Keep in mind that my calculations might not be 100% accurate, but hopefully, it'll give you a good starting point. Just remember, no matter how down you feel, just look up and keep moving forward!
To find the distance between the two objects, we can use trigonometry. Let's refer to the tower as point A and the two objects as points B and C.
Step 1: Set up a diagram. Draw a vertical line to represent the tower (point A) with a length of 57 feet. From point A, draw two lines at the given angles of depression: 27° and 40°5'. Label the points where these lines meet the ground as B and C, respectively.
Step 2: Convert the angle of depression in minutes to decimal form. The angle of depression 40°5' can be converted to decimal form as follows:
40° + (5'/60') = 40.0833°
Step 3: Use trigonometry to calculate the distances AB and AC.
For triangle ABD:
BD/AB = tangent(angle of depression 27°)
Let's assume BD = x.
tan(27°) = x / AB
For triangle ACD:
CD/AC = tangent(angle of depression 40.0833°)
Let's assume CD = y.
tan(40.0833°) = y / AC
Step 4: Solve the equations to find AB and AC.
From triangle ABD:
tan(27°) = x / AB
AB = x / tan(27°)
From triangle ACD:
tan(40.0833°) = y / AC
AC = y / tan(40.0833°)
Step 5: Find the distance between the two objects.
To find the distance between points B and C, we need to calculate the difference between AB and AC:
Distance between B and C = AB - AC
Now, using the given information, plug in the values and calculate the distances AB and AC. Finally, subtract AC from AB to find the distance between the two objects.
To find the distance between the two objects, we can use trigonometry and apply the concept of angles of depression.
First, let's draw a diagram to visualize the situation. Let T represent the top of the tower, and A and B represent the two objects.
```
A
/
/
/ θ1
/ /
T _______/________
θ2
B
```
Now, let's label the given information.
- The height of the tower, T to the ground, is 57 ft.

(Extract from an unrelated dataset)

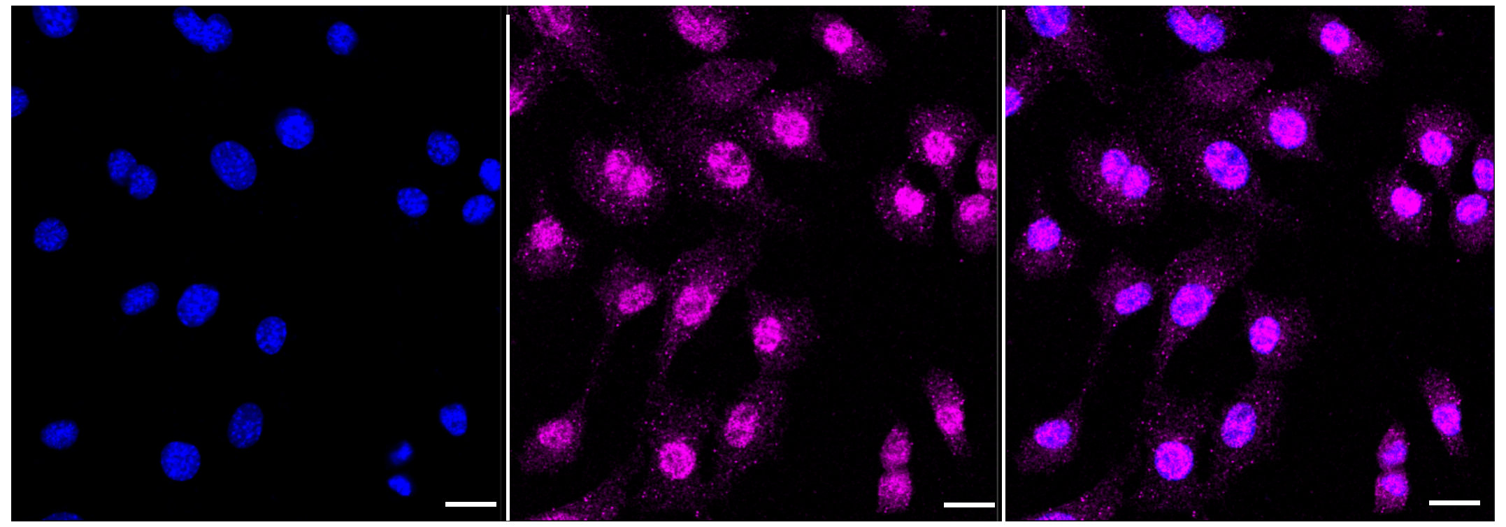 Immunocytochemical staining of C2C12 cells with Von Willebrand factor antibody. Nuclei were stained blue with DAPI; Von Willebrand factor was stained magenta with Alexa Fluor? 647. Images were taken using Leica stellaris 5. Protein abundance based on laser Intensity and smart gain: Medium. Scale bar: 20 μm.
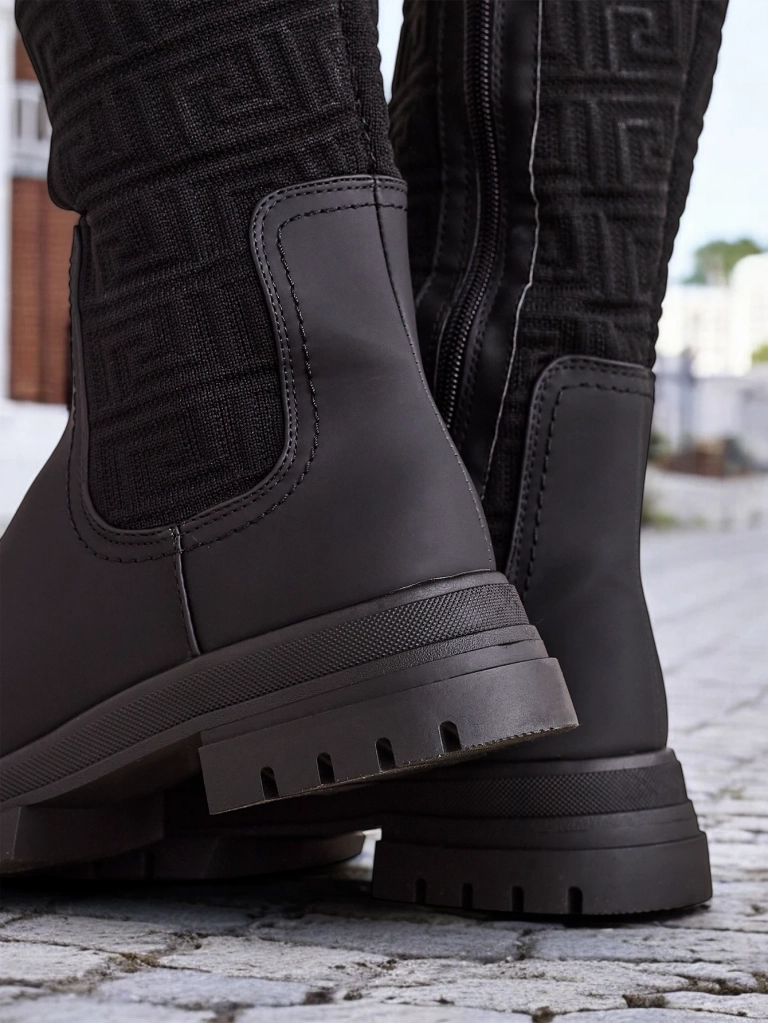 - Divatos női combcipő vastagabb talppal. A szár rugalmas anyagból készült, matt öko bőr betétekkel, béléses műszőrme talpbetéttel. Becsúsztatható modell. Ideális mindennapi őszi szettekhez!

- The angle of depression from the tower to object A is 27 degrees.
- The angle of depression from the tower to object B is 40 degrees 5 minutes.
To find the distance between the two objects, we can consider the right triangles formed by the tower, the objects, and the horizontal ground.
For object A, we have a right triangle with the tower as the vertical side and the distance to object A as the horizontal side. The angle between the vertical side and the horizontal side is the angle of depression (θ1 = 27 degrees).
Similarly, for object B, we have a right triangle with the same vertical side (the tower) and the distance to object B as the horizontal side. The angle between the vertical side and the horizontal side is the angle of depression (θ2 = 40 degrees 5 minutes).
Let's use the trigonometric tan function to find the distances to objects A and B.
For object A:
tan(θ1) = height of tower / distance to A
tan(27 degrees) = 57 ft / distance to A
For object B:
tan(θ2) = height of tower / distance to B
tan(40 degrees 5 minutes) = 57 ft / distance to B
To find the distance to object A:
distance to A = 57 ft / tan(27 degrees)
To find the distance to object B:
distance to B = 57 ft / tan(40 degrees 5 minutes)
Now, we can calculate these distances using a calculator or trigonometric tables. Let's substitute the values and compute the distances.
distance to A = 57 ft / tan(27 degrees) ≈ 103.23 ft
distance to B = 57 ft / tan(40 degrees 5 minutes) ≈ 71.82 ft
Therefore, the distance between the two objects (A and B) is approximately 103.23 ft - 71.82 ft = 31.41 ft.
Hence, the distance between the two objects is approximately 31.41 ft.